Она хотела, чтобы Виктория позировала перед Габриэлем.

Она хотела, чтобы Виктория соблазнила мужчину, который получил известность благодаря своему умению обольщать; мужчину, который не прикасался к женщине уже четырнадцать лет, восемь месяцев, две недели и шесть дней.

Виктория подумала обо всех тех годах, когда она жила в чужих домах, заботилась о чужих детях, получала деньги из рук чужих мужей.

У нее не было ни дома, ни детей, ни мужа.

Дом Габриэля был публичным заведением; он нанимал проституток, которым повезло меньше, чем ему, и не было никого, кто бы мог обнять его.

Темноволосая женщина в зеркале-псише подняла свои руки.
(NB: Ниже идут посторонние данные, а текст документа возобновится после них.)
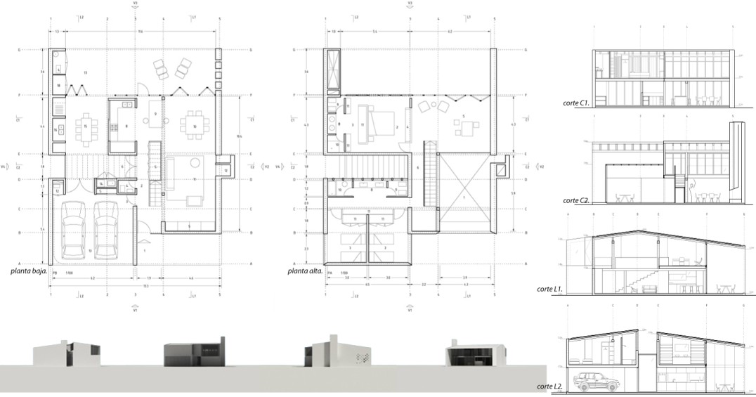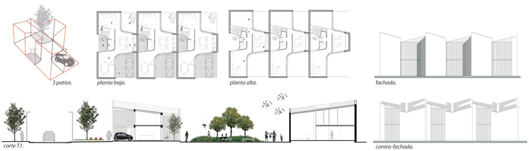 The houses are targeted at young families. The social spaces on the ground floor are articulated by the kitchen understood as the core of the house. Three different patios allow distinctive uses as parking space, garden, and service. Living room and dining room are use indistinctly. On the first level, two bedrooms and a bathroom complete the plan.
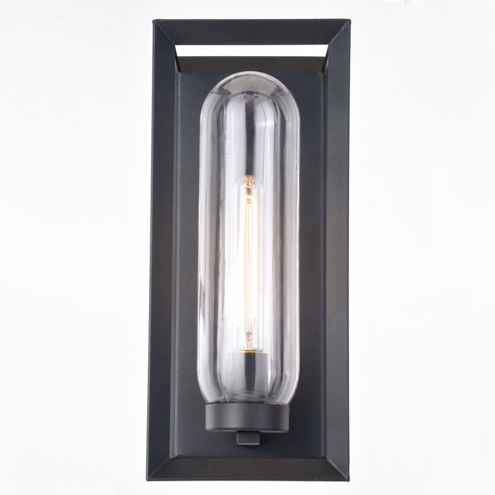 Contemporary / modern textured black 1-light outdoor wall light with clear glass shade
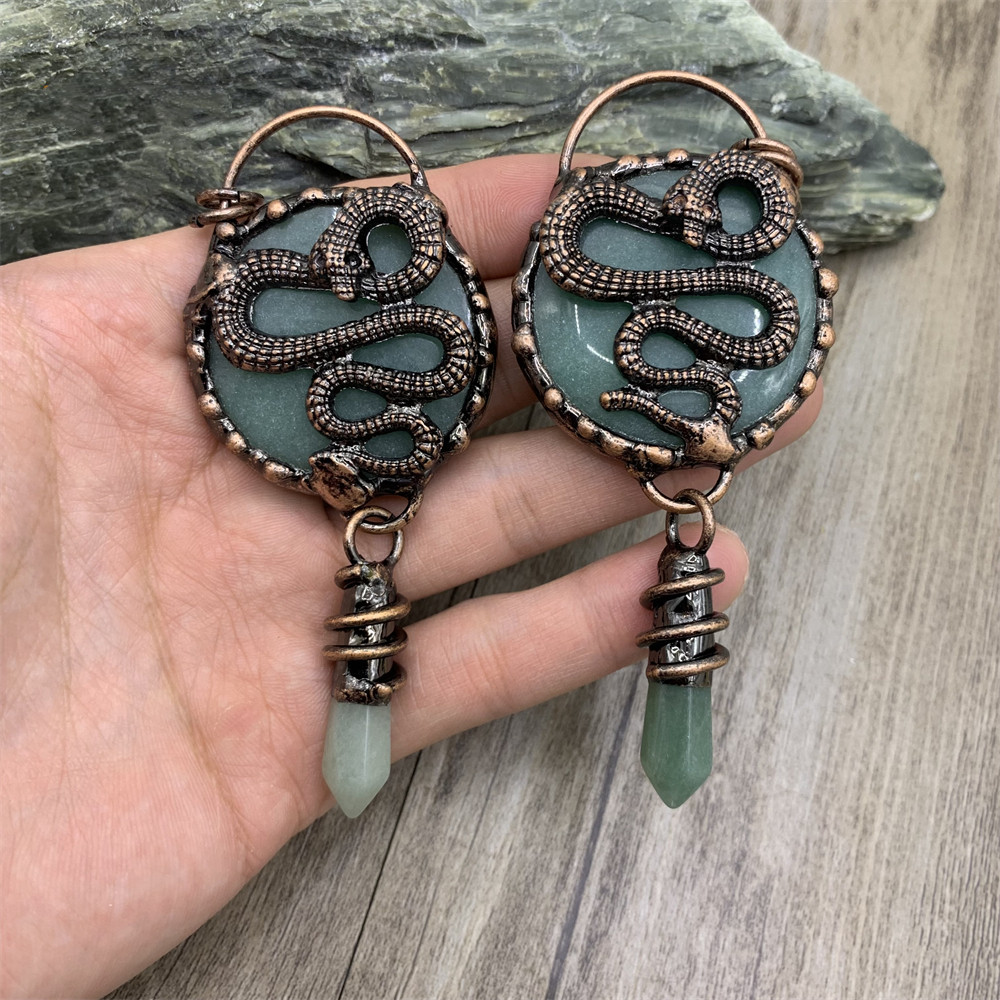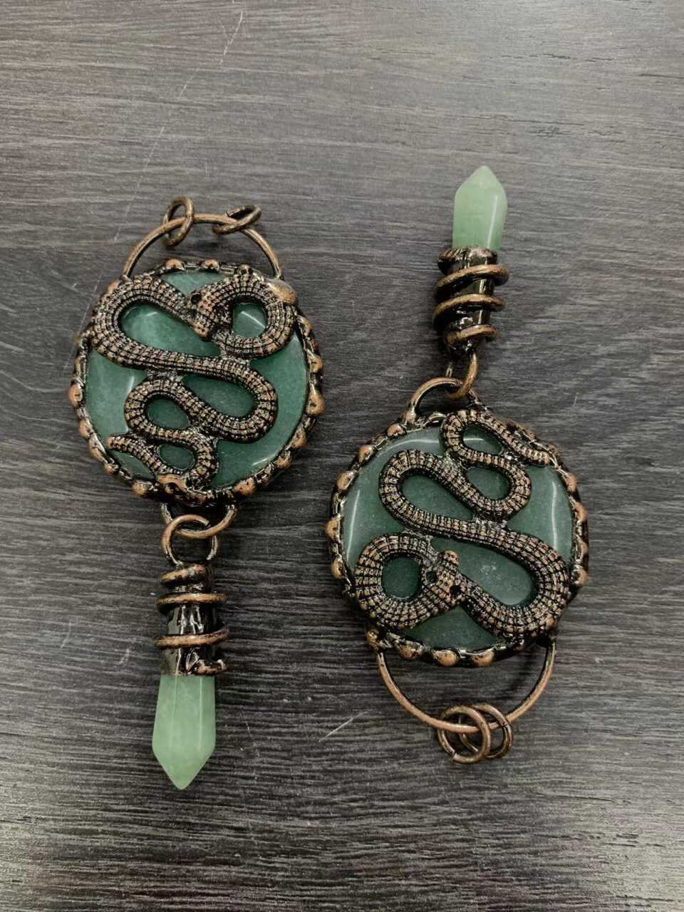 Style: Europe and AmericaMaterial: CrystalColor: Green Aventurine Snake Pendant
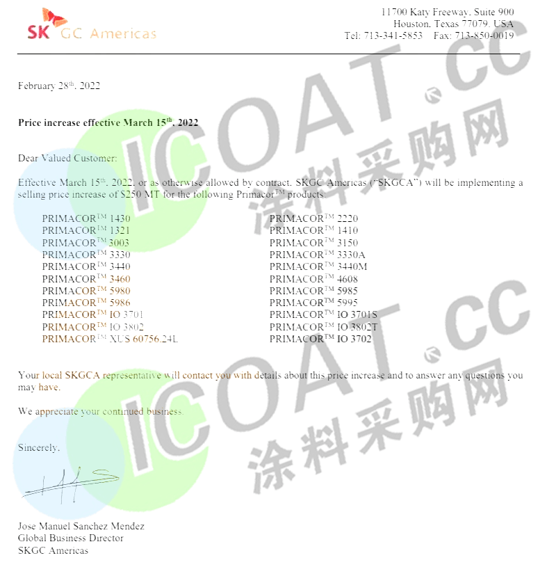 SKGC公司:3月15日起,將針對PRIMACOR™系列EAA產(chǎn)品進行全面提價,直接上漲250美元/噸(約合1577元/噸)。
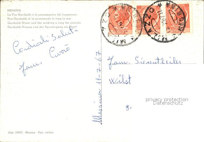 old postcard Messina Via Garibaldi postalisch gelaufen Erhaltung siehe scans
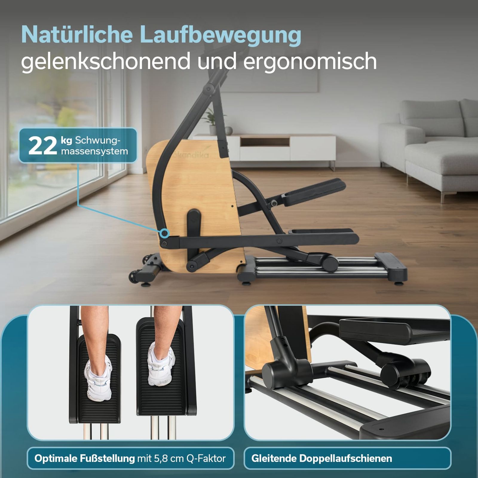 Durch das 22 kg schwere Schwungmassensystem und das vorne platzierte Schwungrad wird eine flüssige und angenehme Bewegung ermöglicht, die dem Nordic Walking ähnelt.
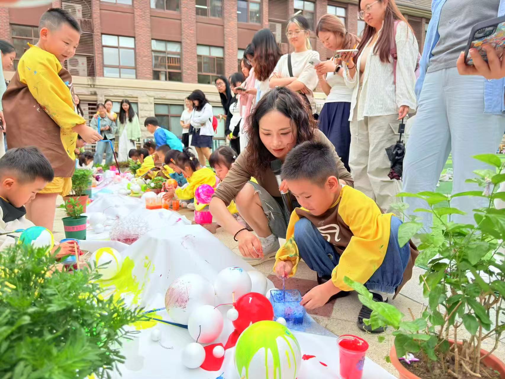 观摩结束后,先观摩了由吕琪老师执教的大班科学活动《“枝”有力量》。课堂上,吕老师以树枝为教学道具,巧妙引导幼儿逐步探索古人远距离搭桥的奥秘,将抽象的科学原理转化为生动有趣的探索过程,充分展现了幼儿科学教育的趣味性与探究性,让在场同学们深受启发。之后观摩韦玉婷老师带领中班幼儿开展的美术活动《吹泡泡》。活动中,韦老师以趣味化的方式巧妙引导,让孩子们化身 “小小艺术家”,通过吹一吹、刷一刷、倒一倒等充满童趣的操作,亲身探索泡沫球上色的奥秘。在这一过程中,孩子们直观感知到颜料叠加、晕染所产生的奇妙效果,也逐渐明白“吹泡泡玩色”能让颜料以随机又轻盈的姿态附着在圆球表面,进而认识到“圆”与色彩碰撞融合后独特的视觉特点。整场活动在轻松愉悦的氛围中展开,不仅让孩子们体验了创作的快乐,更有效培养了他们的观察力与想象力 。
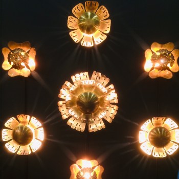 Vackraste vägglamporna. Om dessa vägglampor i mässing har jag tipsat flera gånger i Aftonbladet genom åren. Nu hängde denna ljuvliga vägg i montern hos retroaffären Nova. Fyra stycken är formgivna av norrmannen Svend Aage Holm-Sörensen, med de övriga tre är från forma Lars Holmström i Arvika. Vägglampor är riktiga bubblare! Släng inte.
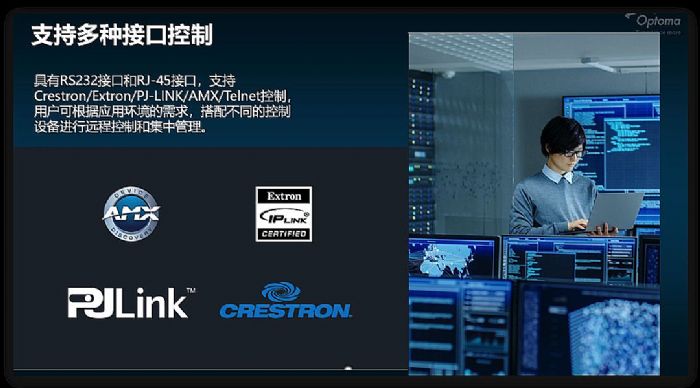 除此之外,投影儀一些特色的功能配置往往也是加分項,可以滿足一些特定的應用,尤其是商用投影會配備比較齊全的接口,例如奧圖碼EL520H除了2個主流的HDMI1.4b接口,還配備了1個RJ45網(wǎng)絡接口、1個RS232控制接口和一個音頻輸出接口,可兼容更多新老設備,并能直聯(lián)音響設備。
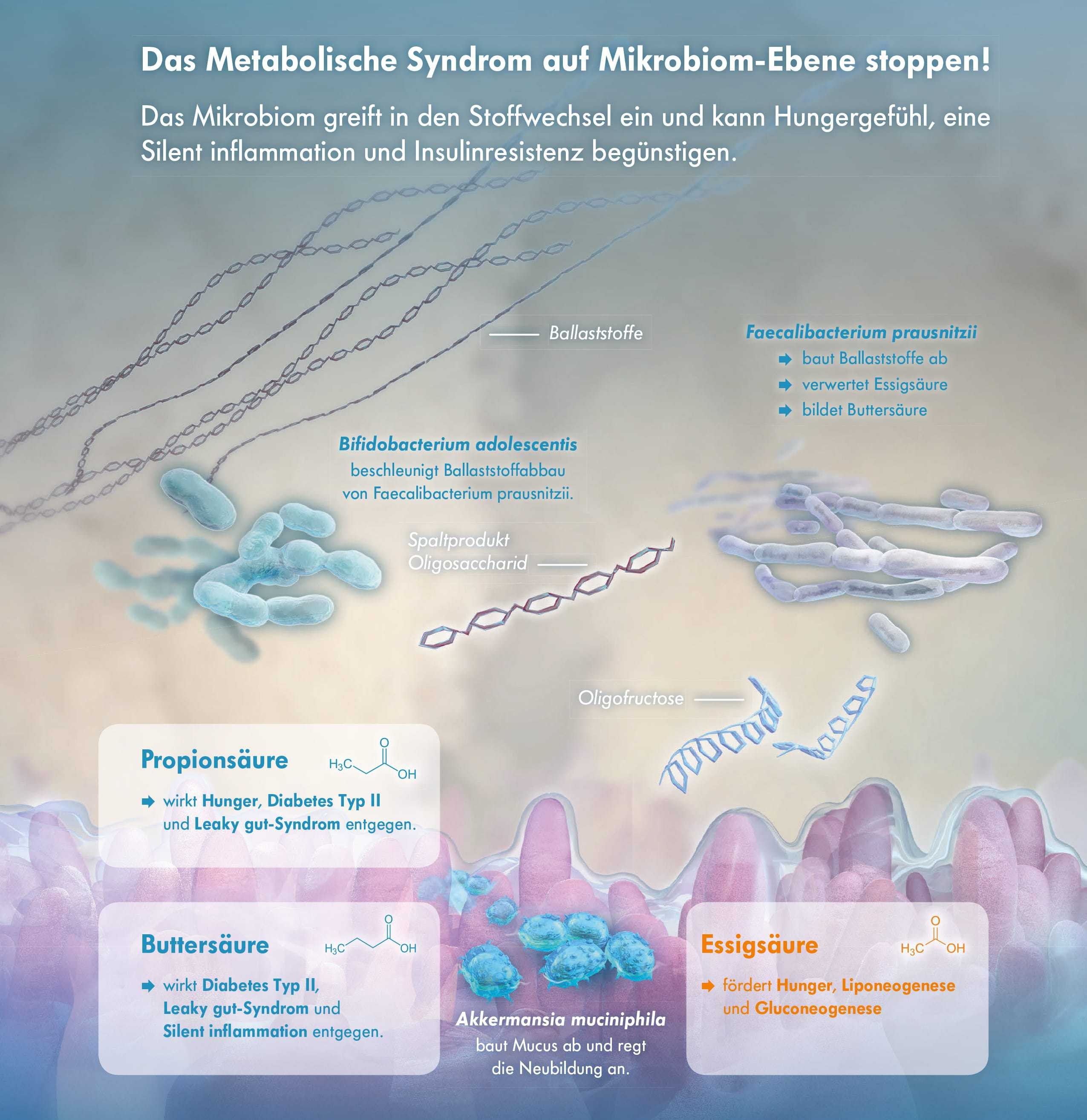Beim Metabolischen Syndrom entgleist der Stoffwechsel des Patienten. Die intestinale Mikrobiota und ihre Produkte spielen dabei eine wichtige Rolle, denn sie beeinflussen den menschlichen Stoffwechsel, die Durchlässigkeit der Darmschleimhaut und das Ausmaß einer metabolischen Endotoxinämie.
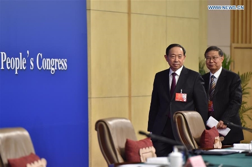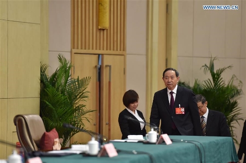 Chinese Education Minister Yuan Guiren (front) arrives to attend a press conference about the reform and development of China's education on the sidelines of the fourth session of China's 12th National People's Congress in Beijing, capital of China, March 10, 2016. (Xinhua/Li Xin)
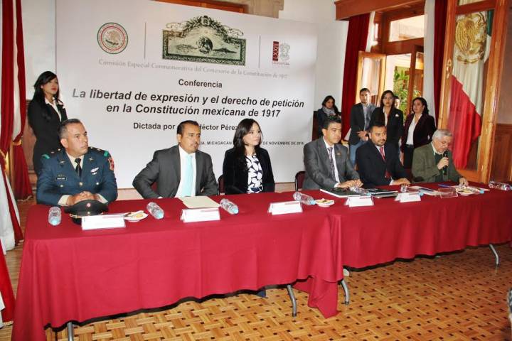 NOTICIAS 17/11/2016Libertad de expresión y petición, derechos consolidados en Constitución de 1917: Pérez Pintor Los derechos de libertad de expresión y petición se ratificaron en la Constitución de 1917, lo cual es un logro que no se hayan reformado y conservado su esencia original debido a su impecable redacción que cobra vigencia hasta nuestros días, señaló Héctor Pérez Pintor, Secretario Auxiliar dela Universidad Michoacana de San Nicolás de Hidalgo, en el marco de los festejos del Centenario de la Constitución de 1917, realizados por el Cong... Ver más...
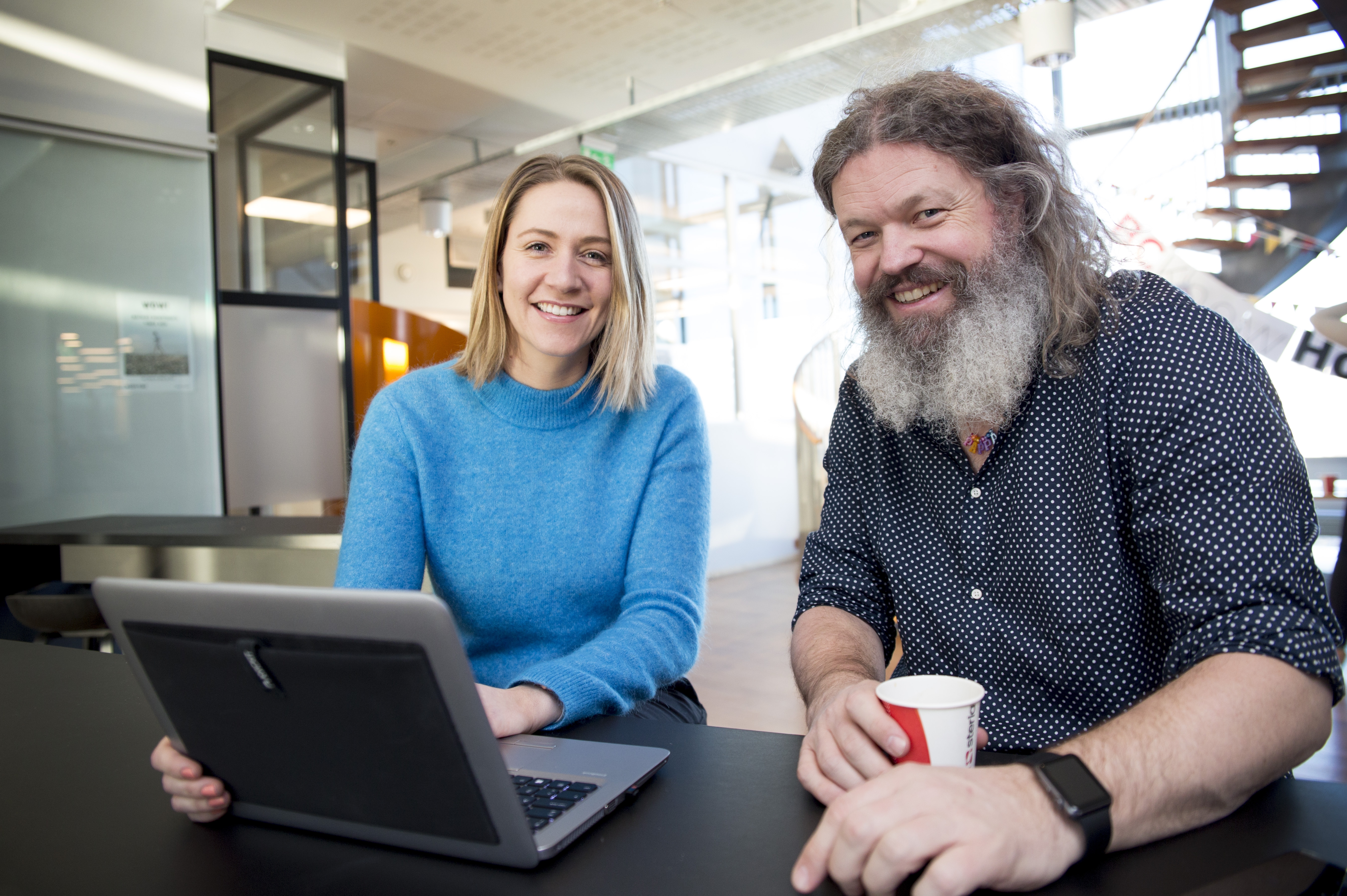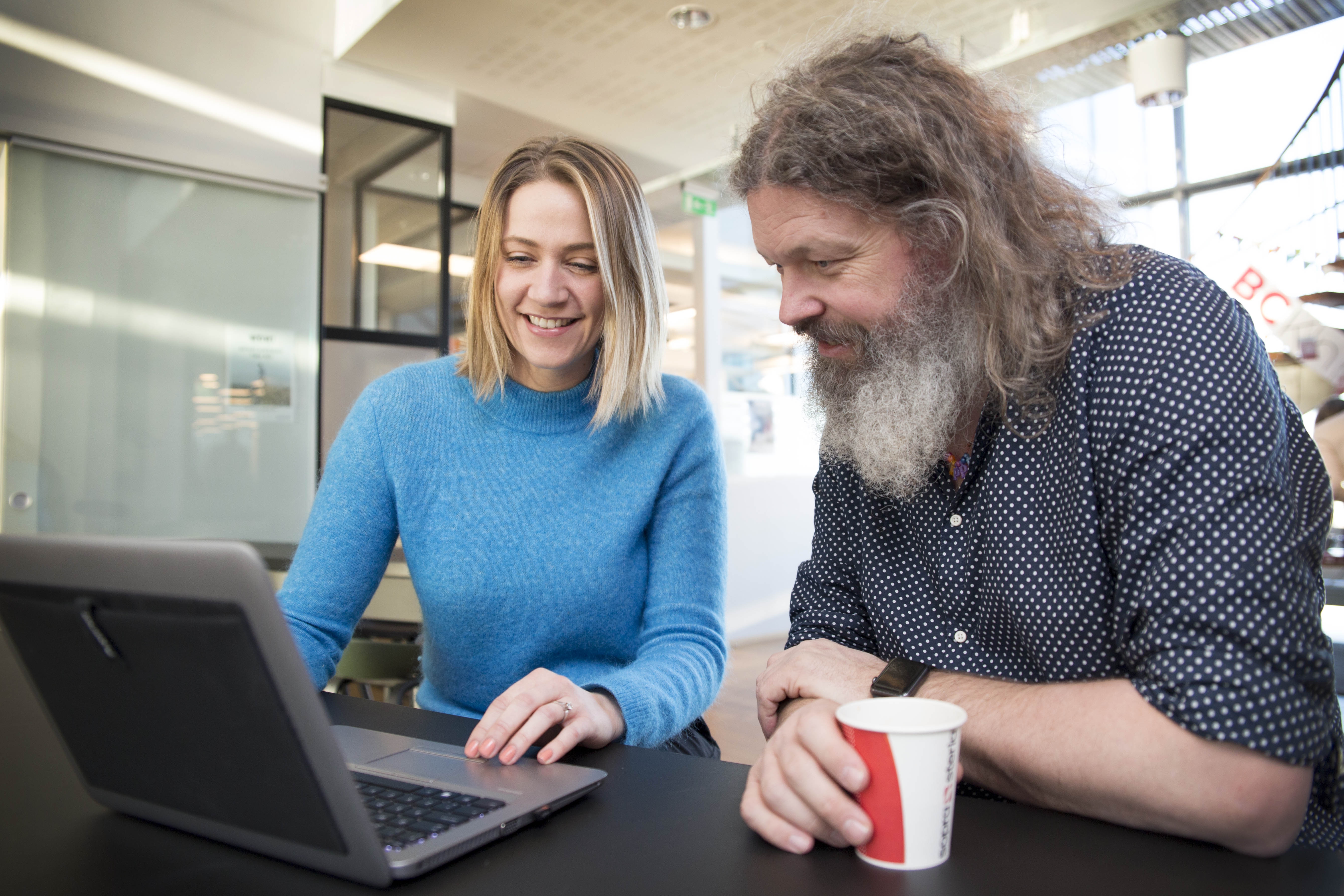 INGEN PEKEFINGER. Cathrine Singstad fra Sopra Steria og Torgeir Waterhouse i IKT-Norge og Lær Kidsa Koding vil gi 10-13-åring kunnskapen de trenger til å ta tryggere nettvalg i hverdagen. Foto: Hanne Kristine Fjellheim
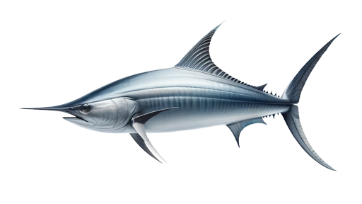 Der Schwertfisch (Xiphias gladius) ist bekannt für sein flaches "Schwert", eine Verlängerung des oberen Kiefers, das er zum Stich und Betäuben der Beute nutzt. Diese Fische können bis zu 4,5 Meter lang werden und leben in den offenen Ozeanen der tropischen bis gemäßigten Gewässer.

Виктория почувствовала, как поднялась ее грудь и затвердели соски.

«Сносная грудь», — как сказала модистка.

Серебристые глаза в зеркале смотрели на грудь Виктории, оценивая ее форму, полноту.

Соблазнительность.

Находит ли и он, как мадам Рене, ее грудь сносной?

Мадам Рене сделала шаг вперед. Она развела руки и обхватила грудную клетку Виктории.

Опоясывая ее.

Прикасаясь к ней.

Чувствуя, как мерная лента сжимает грудь, Виктория наблюдала за игрой света на своей коже. Она чувствовала, как ее тело бросает то в жар, то в холод.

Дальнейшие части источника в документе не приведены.